Prove that $f$ is constant $\Leftrightarrow$ for all point pair $x,y \in \mathbb{R} $, $ | f(x) - f(y) | \leq (x-y)^2 $

Question

Prove that $f$ is constant if and only if for all point pair $x,y \in \mathbb{R} $, $$ | f(x) - f(y) | \leq (x-y)^2 $$

My attempt:

It's a double implication so...

To right:

$f$ is constant $\Rightarrow \forall c \in \mathbb{R}, f(c) = k $, with $ k \in \mathbb{R} \Rightarrow \forall x,y \in \mathbb{R} , | f(x) - f(y) | = 0 \Rightarrow 0 \leq (x-y)^2 $

We observe that $(x-y)^2$ is the square of the difference of two real numbers, hence, is always positive.

To left:

We cant think $(x-y)^2$ as $|x-y|^2$, so:

$$ | f(x) - f(y) | \leq |x-y|^2$$ $$ \Bigg|\frac{f(x) - f(y)}{x-y}\Bigg| \leq |x-y| $$ $$ \lim_{x \to y}{\Bigg|\frac{f(x) - f(y)}{x-y}\Bigg|} \leq \lim_{x \to y}{|x-y|} $$ $$ |f'(y)| \leq 0 $$ We know that the module of a number is always greater or equal to $0$. So $ |f'(y)| = 0 $. $$ |f'(y)| = 0 \Rightarrow f(y) \ \text{is constant} $$

But I'm not sure if I can get into the absolute value with the limit.
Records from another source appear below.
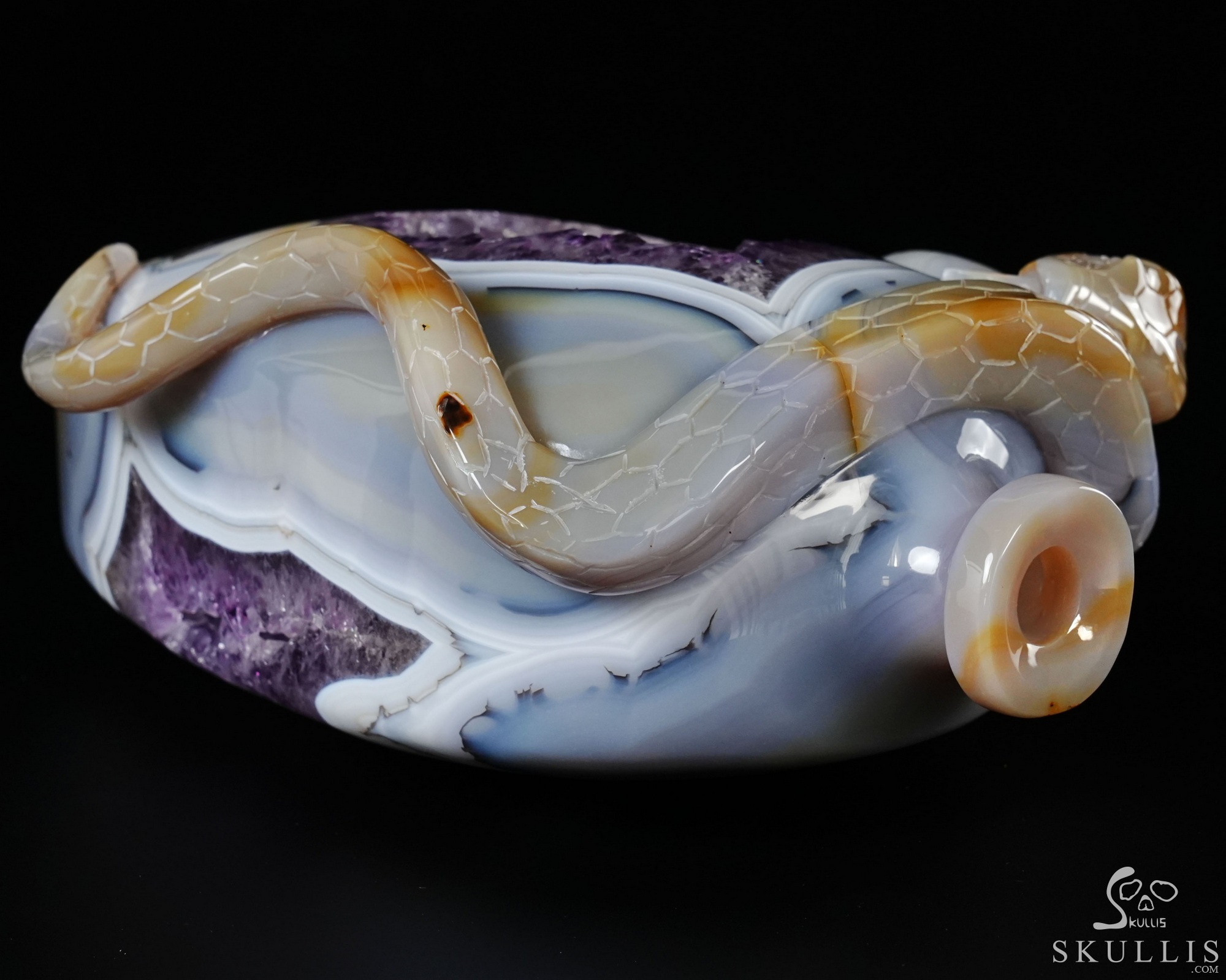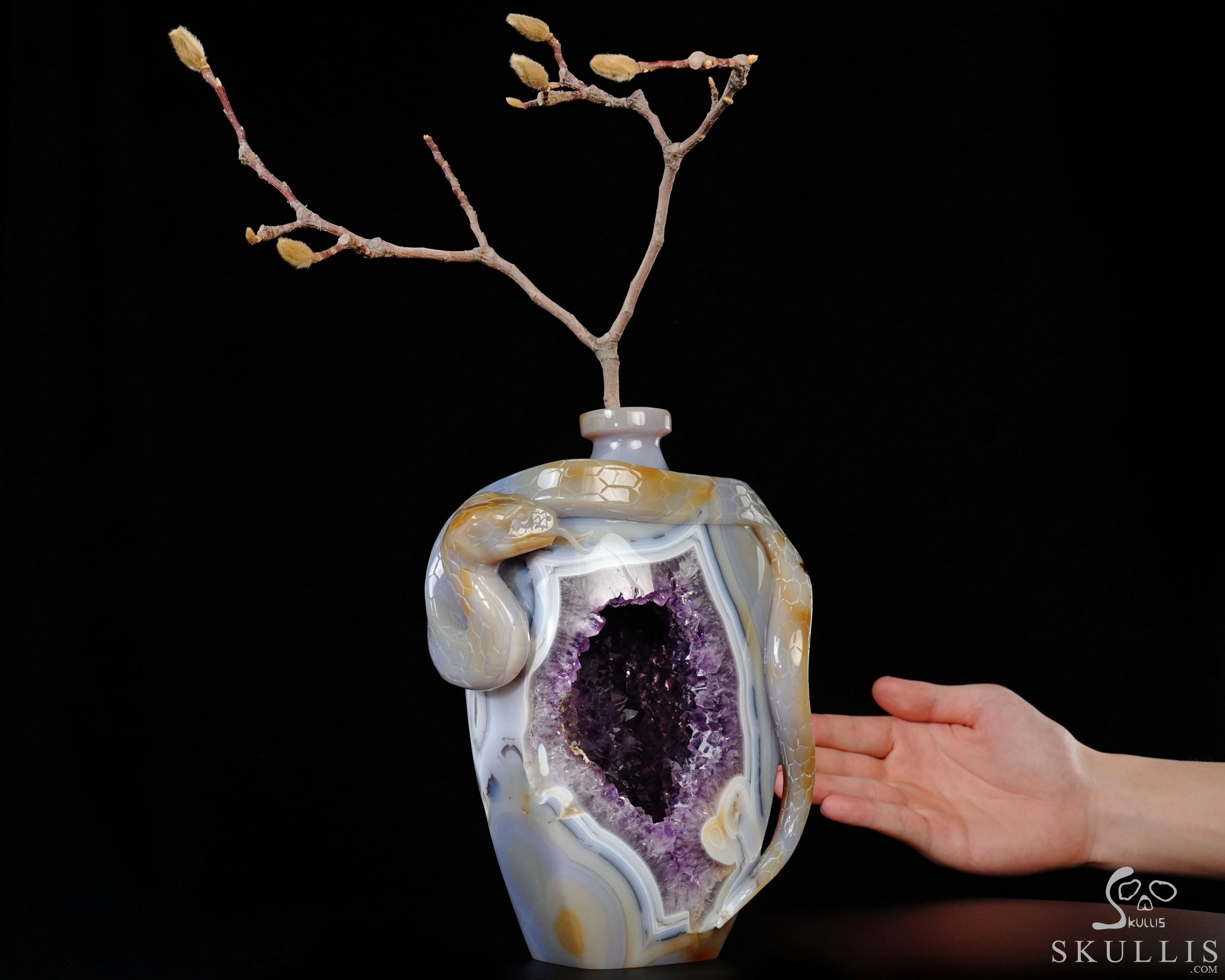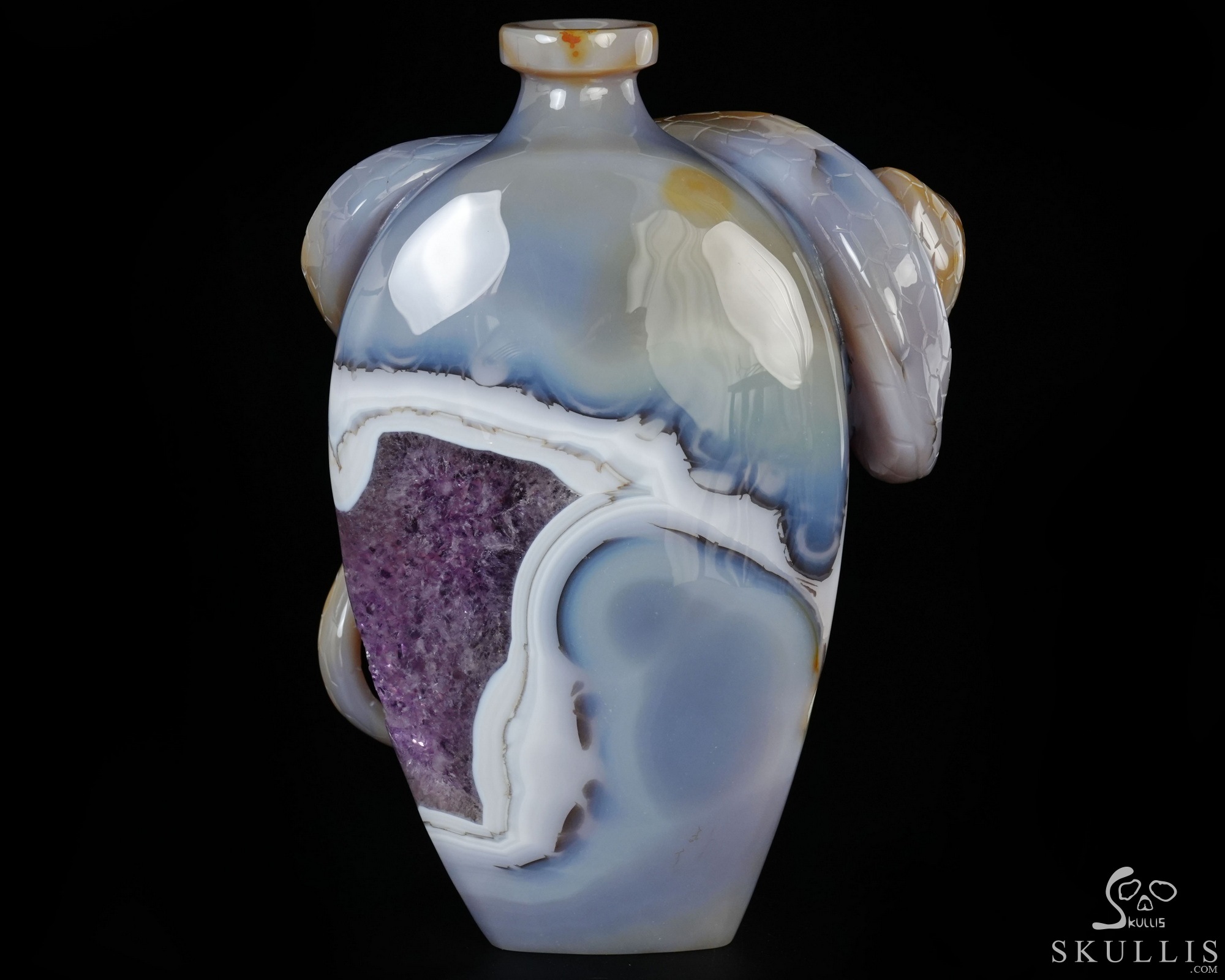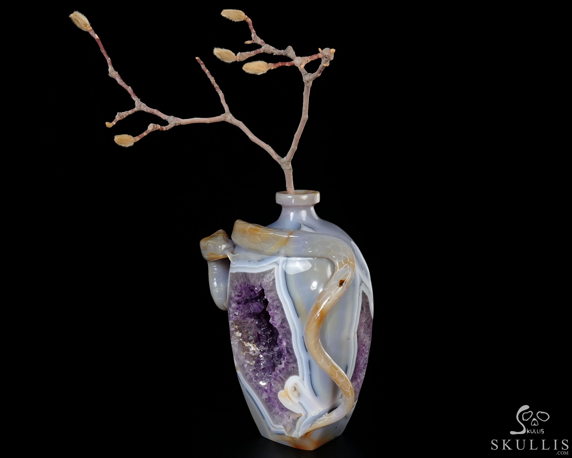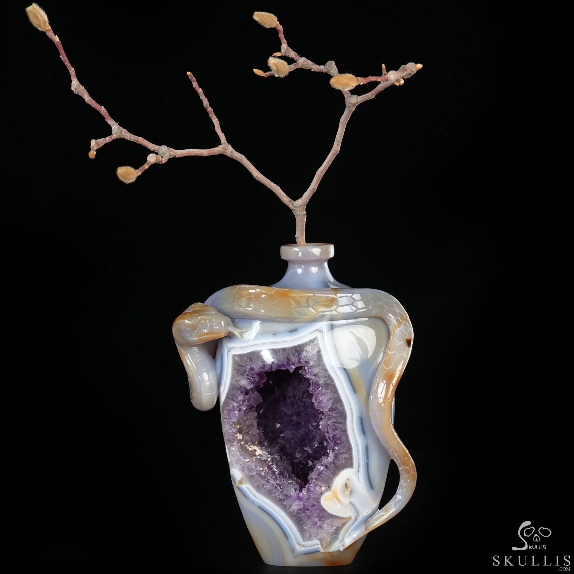 8.1" Agate Amethyst Geode Hand Carved Crystal Vase and Snake Sculpture, Crystal Healing
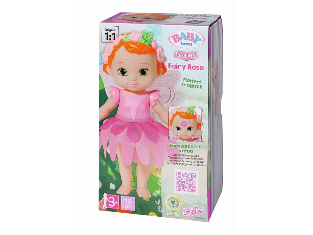 BABY born Storybook Růžičková víla je panenka velikosti 18 cm. Součástí je kouzelná hůlka, pódium, kulisy a obrázková knížka.
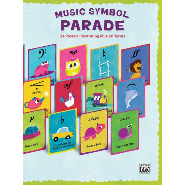 24 Posters Illustrating Musical Terms. These adorable 9" x 12" cardstock posters are more than just a delightful decoration---they're also a fabulous teaching tool! Playful illustrations depict music signs and symbols, while concise definitions clearly explain each term. A tiny mouse represents pianissimo, a lion roars for fortissimo, a snail is largo, and a hammer shows marcato. Dynamics, articulations, tempo headings, clefs, accidentals, and more are also included. Educational and entertaining!
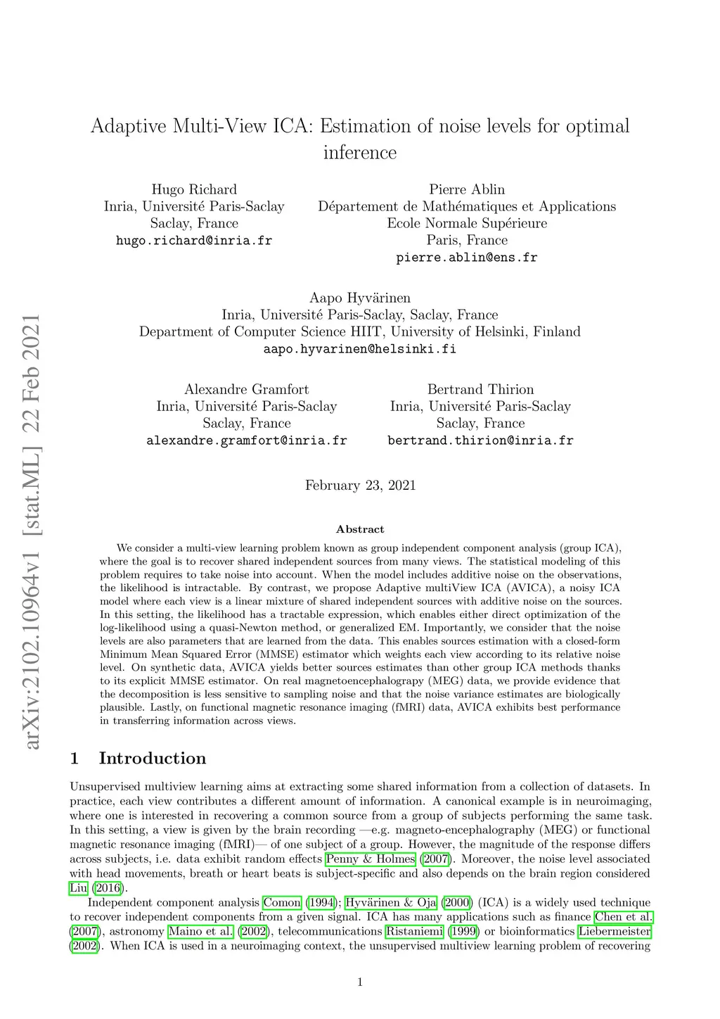 We consider a multi-view learning problem known as group independent component analysis (group ICA), where the goal is to recover shared independent sources from many views. The statistical modeling of this problem requires to take noise into account. When the model includes additive noise on the observations, the likelihood is intractable. By contrast, we propose Adaptive multiView ICA (AVICA), a noisy ICA model where each view is a linear mixture of shared independent sources with additive noise on the sources. In this setting, the likelihood has a tractable expression, which enables either direct optimization of the log-likelihood using a quasi-Newton method, or generalized EM. Importantly, we consider that the noise levels are also parameters that are learned from the data. This enables sources estimation with a closed-form Minimum Mean Squared Error (MMSE) estimator which weights each view according to its relative noise level. On synthetic data, AVICA yields better sources estimates than other group ICA methods thanks to its explicit MMSE estimator. On real magnetoencephalograpy (MEG) data, we provide evidence that the decomposition is less sensitive to sampling noise and that the noise variance estimates are biologically plausible. Lastly, on functional magnetic resonance imaging (fMRI) data, AVICA exhibits best performance in transferring information across views.
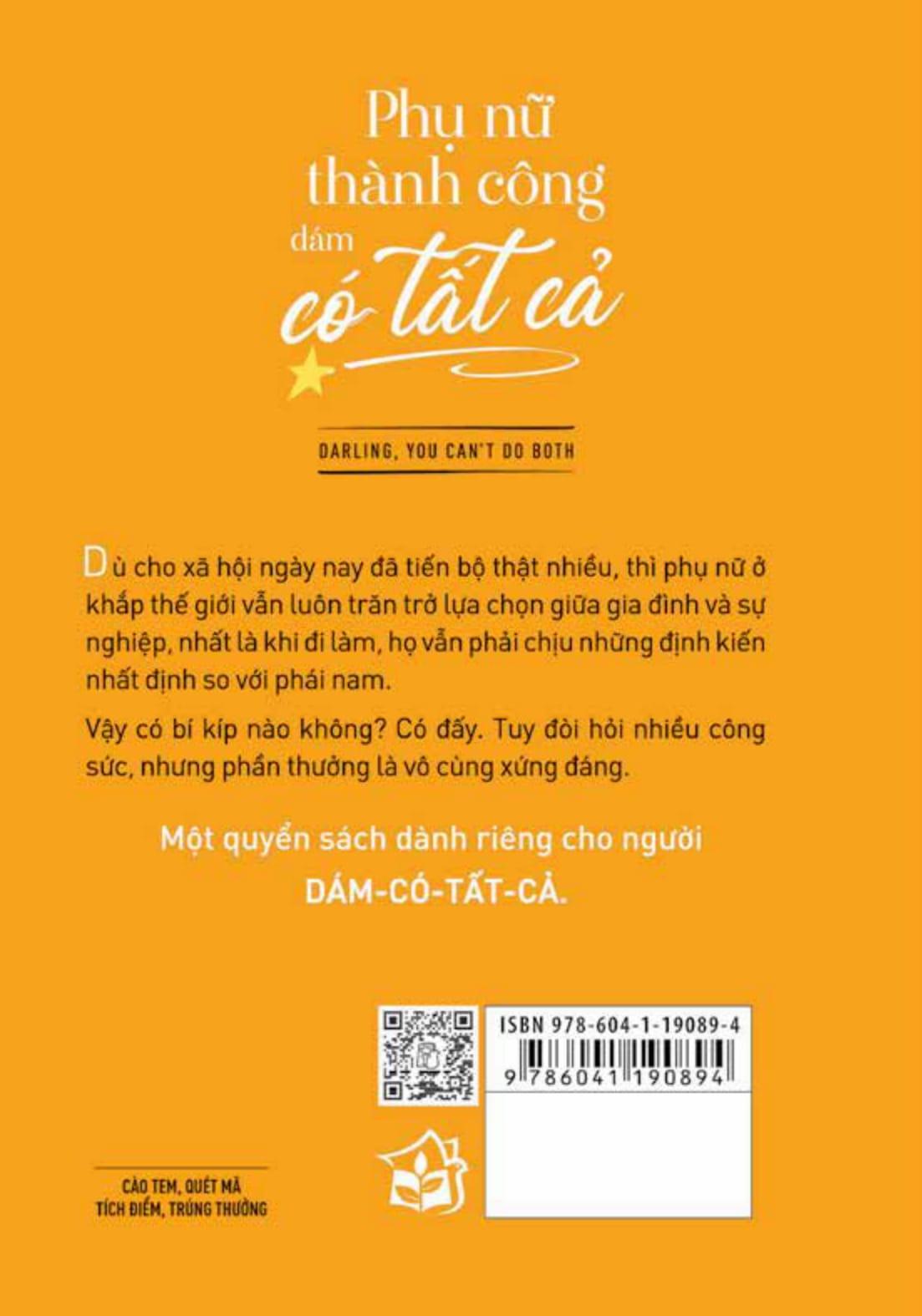 Vậy khi cả thế gian đều thì thầm vào tai bạn rằng: "Cô gái thân mến à, cô không thể làm cả hai việc được đâu", ý rằng gia đình, con cái không thể đi chung với sự thăng tiến cấp cao, thì quyển sách này đặt ra một vấn đề ngược lại: Người phụ nữ thành công hãy DÁM CÓ TẤT CẢ: Sự nghiệp lẫn niềm vui gia đình.
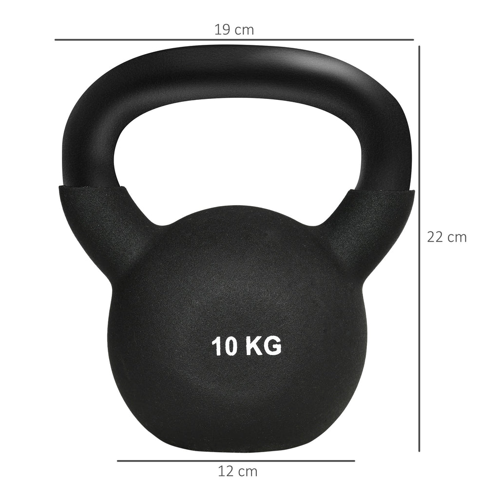 Kettlebell 10 kg, Fitness & Strength Training, Cast Iron Neoprene, Black
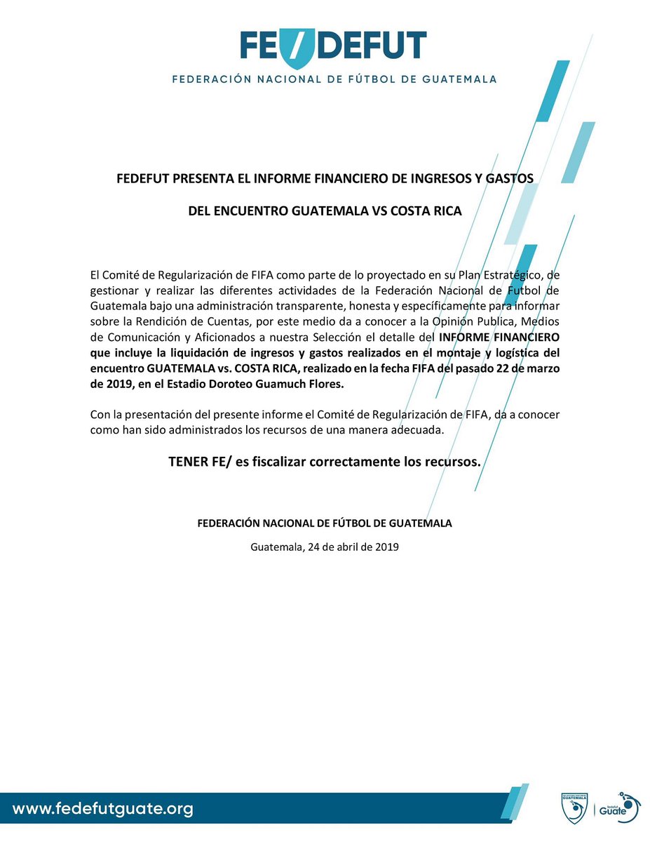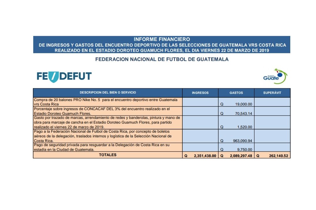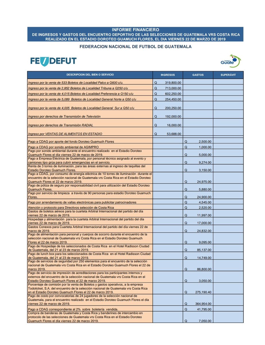 FEDEFUT PRESENTA EL INFORME FINANCIERO DE INGRESOS Y GASTOS ENCUENTRO GUATEMALA vs. COSTA RICA
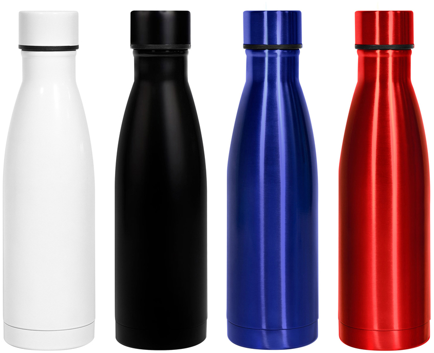 Ø 7 x 25,5 cm. Capacidad 500 ml. Acero inoxidable. Botella con aislamiento térmico vacuum. Interior de acero 304 y exterior de acero 201. Cuerpo y tapa a rosca del mismo color. Mantiene hasta 12 hs la temperatura de las bebidas calientes y 24 hs de las bebidas frías. Presentación en caja de regalo.
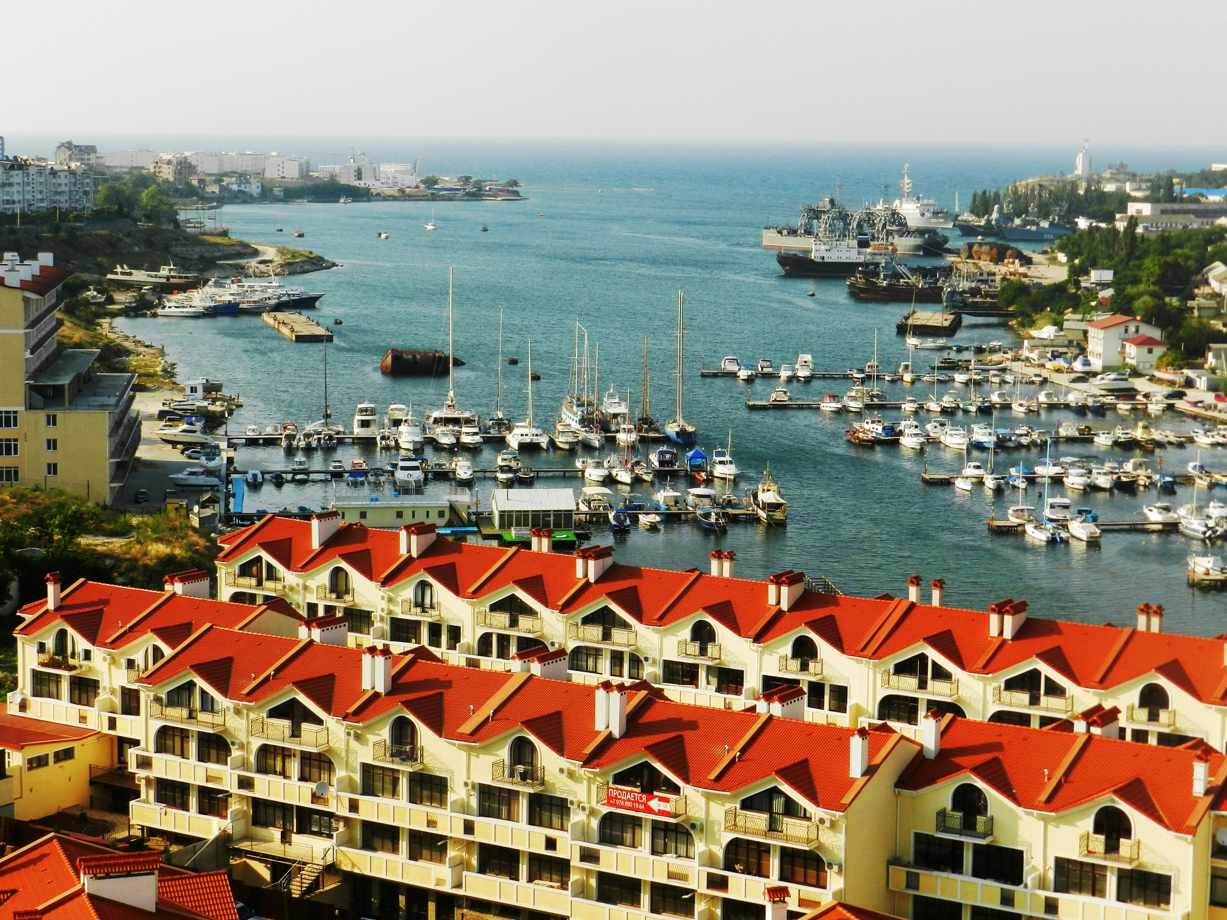 Вид из окона на бухту под названием «Стрелецкая» , наполненная яхтами и лодочками она напоминает тихие бухты Италии . А в дали простираются бесконечные просторы черного моря по которому ходят корабли и парусники . Во дворе детская площядка , рядом школа, магазин, рынок, спортзал, дом имеет свою бесплатную автомобильную парковку с видио наблюдением.

The statement doesn't mention that $f$ is differentiable.

Answer 1

You proof works, the fact that $f$ is not supposed being differentiable is normal. Indeed, you showed that $\left|\frac{f(x)-f(y)}{x-y}\right|\leqslant |x-y|$ for all $x\neq y$, since $\lim\limits_{x\rightarrow y}|x-y|=0$, we also have $\lim\limits_{x\rightarrow y}\frac{f(x)-f(y)}{x-y}=0$. By doing this, you proved that $f$ is differentiable at $y$ and $f'(y)=0$, since $y$ is arbitrary, this means that $f'=0$ and therefore $f$ is constant.